Captivated by Sea Creatures
Daniel Wong's new work Cephalo-Pod reflects his passions for art and biology.
When he was in first grade, Daniel Wong was obsessed with cephalopods, a class of marine animals that includes squids and octopuses. He would fill pages of his writing journal with an enormous list of all the animals he knew according to the oceanic zone they occupy. Wong, now a senior majoring in studio art and minoring in biology, received a Spark! Grant from the Stanford Arts Institute for his recent work, Cephalo-Pod. The collection consists of a series of four sets of hand-painted shoes paired with traditional flat paintings (acrylic on canvas). The work is currently on display in Wallenberg Hall as part of the YourArtHere program.

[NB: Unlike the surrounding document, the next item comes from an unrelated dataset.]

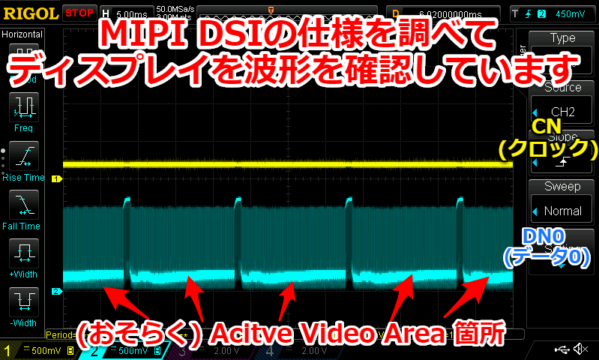 MIPI DSIのディスプレイの波形をオシロスコープで測定してみました。
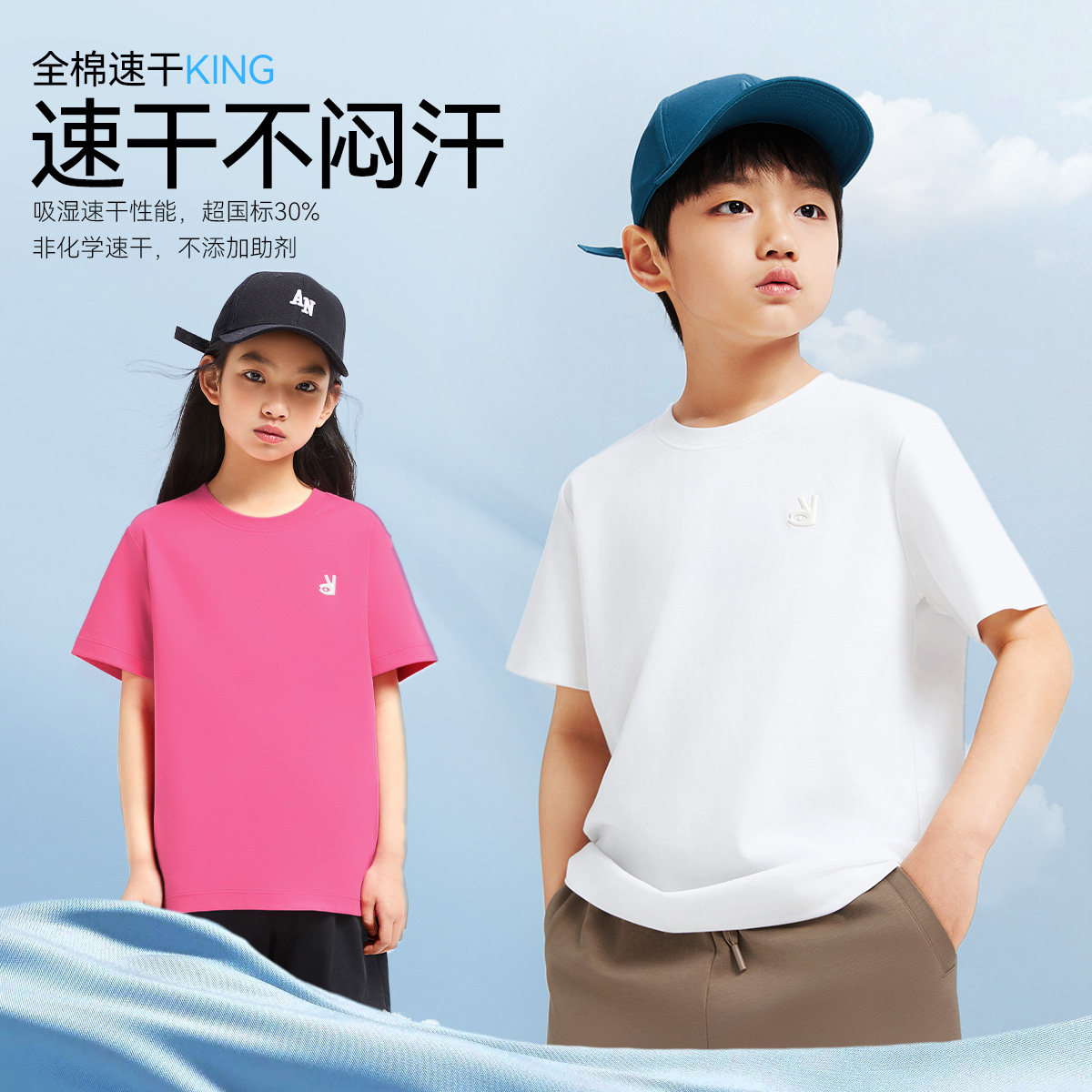 【夏款超舒衣】安奈儿童装男童女童短袖T恤透气速干休闲时尚纯棉

Cephalo-Pod is brazenly hued, buzzing with energy and punctuated by razor-edged shapes, variously polygonal and amoebic. In creating it, Wong sought to reoccupy his childhood psyche and examine the basis of his obsession with sea creatures. “I think the big characteristic about cephalopods that might have drawn me to them is just the absurdity of their form. I guess I was interested in how strange and mysterious and feared they are,” he explained. The work vividly embodies his preoccupation—it reveals both an essentially scientific interest in the uncanny abilities these animals use to survive and a humanistic interest in people’s attempts to relate to them. “It’s sort of a scientific approach, like the way I would have examined those ocean biology books—almost from a clinical, taxonomic perspective—but at the same time with the understanding that animals have their own psychology and we project our own ideas of how animals think” onto them.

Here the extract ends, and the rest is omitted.